On December 25, 2020, the Financial Services Agency of Japan (“FSA”) published draft amendments to the regulations, which enforce the PSA, and the related administrative guidelines for public comments. The drafts were closed for public comments as of January 25, 2021, and the final versions of the amendments will be published within a couple of months. While the amendments to the regulations have not been finalized, the draft published on December 25, 2020, contains the following amendments, most of which we assume will also be included in the final version, subject to any changes that may be made in response to public comments.

1. Amendments Concerning Fund Transfer Services

Major amendments with respect to fund transfer services are described below.

(1) When a payment receiving agency service will be deemed a fund transfer business

Article 2-2 of the amended PSA sets forth that a payment receiving agency service – a service under which an agent engages in the business of receiving a payment on behalf of an individual (except for payments received by an individual for a business operated by such individual) – will be deemed a fund transfer service that requires registration under the PSA if such agency service satisfies certain criteria prescribed by the amended regulations under the PSA. According to the draft amendment to the regulations, if any of the following apply, then a service will be treated as a fund transfer business:

(a) if the underlying payment obligation is not extinguished until the fund is actually received by the recipient individual or designee;

(b) if the underlying payment obligation is incurred by a loan or similar transaction; or

(c) if the service falls under both of the following:

(i) the service is not an escrow or similar service for payment to be rendered in exchange for the performance of some other obligation pursuant to an underlying contract; and

(ii)  the service is not provided by a person who (x) provided services necessary under the underlying contract, (y) accepts, or causes to be accepted by some other person, the payment from the party obligated to make such monetary payment under the underlying contract, and (z) transfers the funds received as such payment with the consent of the recipient in accordance with the underlying contract.

The language of the provision is a bit complicated, but in essence it is intended to exclude payment settlement services that have an escrow or similar function related to consumer‑to‑consumer sales transactions that are conducted through a website (such as an auction site or a flea market site), if such payment services are made available by the operator of such website.  

(2) Maximum amount per remittance that Type II and Type III fund transfer business operators may handle.[2]

Maximum amounts are set, as expected, at JPY 1 million (and its equivalent in other currencies) for Type II, and JPY 50,000 (and its equivalent in other currencies) for Type III.

(3) Regulations related to liabilities that a registered fund transfer business operator (“Fund Transfer Business Operator” or “FTBO”) may have towards its users.

(a) An FTBO engaged in a Type I fund transfer business (“Type I FTBO,” in its capacity as the operator of the Type I fund transfer business) is prohibited from owing any liabilities (including by accepting funds to be used for future money remittances), in connection with its Type I fund transfer business, to any user unless all of the following information is clearly known to the Type I FTBO:

(i)    the amount of the money remittance contemplated to be made with the funds received (“Contemplated Money Remittance”);

(ii)   the date of the Contemplated Money Remittance; and

(iii)  the recipient of the Contemplated Money Remittance.
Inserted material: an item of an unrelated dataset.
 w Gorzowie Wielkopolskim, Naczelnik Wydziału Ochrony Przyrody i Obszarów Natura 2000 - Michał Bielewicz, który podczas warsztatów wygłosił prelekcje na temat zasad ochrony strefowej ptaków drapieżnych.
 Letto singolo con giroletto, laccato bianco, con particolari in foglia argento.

In addition, Type I FTBOs are prohibited from owing any liabilities, in connection with their Type I fund transfer businesses, to any user for longer than the period of time necessary for processing the relevant money remittance (including the period necessary for resolving any issues not attributable to the Type I FTBO that prevent the completion of the money remittance, such as the failure of a user to designate the recipient correctly).

Thus, Type I FTBOs are generally restricted from (i) accepting funds from users in advance unless such funds will immediately be used for particular money remittance(s) and (ii) keeping incoming funds undelivered to recipient users.
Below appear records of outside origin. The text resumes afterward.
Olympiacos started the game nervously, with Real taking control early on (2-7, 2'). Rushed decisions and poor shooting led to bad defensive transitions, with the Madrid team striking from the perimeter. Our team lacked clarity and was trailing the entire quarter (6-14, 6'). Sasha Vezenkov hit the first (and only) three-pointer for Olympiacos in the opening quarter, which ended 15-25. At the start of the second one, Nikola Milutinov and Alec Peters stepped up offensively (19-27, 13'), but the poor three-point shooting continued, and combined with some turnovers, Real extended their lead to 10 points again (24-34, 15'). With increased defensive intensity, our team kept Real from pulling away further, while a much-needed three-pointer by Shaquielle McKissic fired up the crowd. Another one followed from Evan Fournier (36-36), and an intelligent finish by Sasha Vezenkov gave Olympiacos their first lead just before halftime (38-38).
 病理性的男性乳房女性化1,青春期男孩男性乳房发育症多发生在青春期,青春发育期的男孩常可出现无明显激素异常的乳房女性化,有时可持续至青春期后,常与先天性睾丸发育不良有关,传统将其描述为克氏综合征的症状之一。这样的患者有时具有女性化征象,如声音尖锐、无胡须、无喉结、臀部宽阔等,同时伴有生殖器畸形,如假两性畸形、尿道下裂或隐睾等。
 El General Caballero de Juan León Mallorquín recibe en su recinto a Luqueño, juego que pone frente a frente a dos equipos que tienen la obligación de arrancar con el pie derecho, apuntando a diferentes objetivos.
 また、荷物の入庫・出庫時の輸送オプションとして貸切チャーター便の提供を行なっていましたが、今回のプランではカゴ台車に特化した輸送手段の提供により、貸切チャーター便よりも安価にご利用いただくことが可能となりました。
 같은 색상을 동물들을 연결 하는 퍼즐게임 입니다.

(b) The maximum amount of outstanding liabilities that an FTBO may owe to an individual user with respect to a Type III fund transfer business (“Type III FTBO,” in its capacity as the operator of the Type III fund transfer business) in connection with its Type III fund transfer business is JPY 50,000. For the purpose of this calculation, the following are taken into account and count cumulatively towards the JPY 50,000 cap: (i) the amount that a user has deposited with the relevant Type III FTBO without designating recipients in preparation for future remittance, (ii) the amount of money remittance that has been received by the Type III FTBO for the user but that has not yet been delivered to the user, and (iii) the amount that has been received by the Type III FTBO from the user for remittance to a recipient, for which the Type III FTBO has not yet completed delivery to the recipient or the recipient’s agent. Thus, for example, if a Type III FTBO commences a money remittance for JPY 50,000 for a user, such Type III FTBO may not accept any other funds from or for the benefit of such user until the initial money remittance of JPY 50,000 has been completed.

(c) If an FTBO is engaged in a Type II fund transfer business (“Type II FTBO,” in its capacity as the operator of the Type II fund transfer business), such FTBO is required to implement rules, procedures, and systems to ensure that, if the amount of its liabilities owed in connection with its Type II fund transfer business to any single user exceeds JPY 1 million or its equivalent in other currencies, the Type II FTBO verifies whether such excess funds will be used for money remittances.

(d) To ensure that FTBOs only keep user funds that will be used for money remittances, FTBOs are required to take certain measures, which include returning funds not used for money remittances to users.

(e) If an FTBO enters into a guarantee contract with a financial institution in lieu of using cash deposits as security for users’ claims, such FTBO is required to implement rules, procedures, and systems so that the funds received from users will not be used for extending loans and other credits. The purpose of this requirement is to prevent FTBOs from engaging in business similar to that of a bank or other deposit-taking financial institution without the appropriate license.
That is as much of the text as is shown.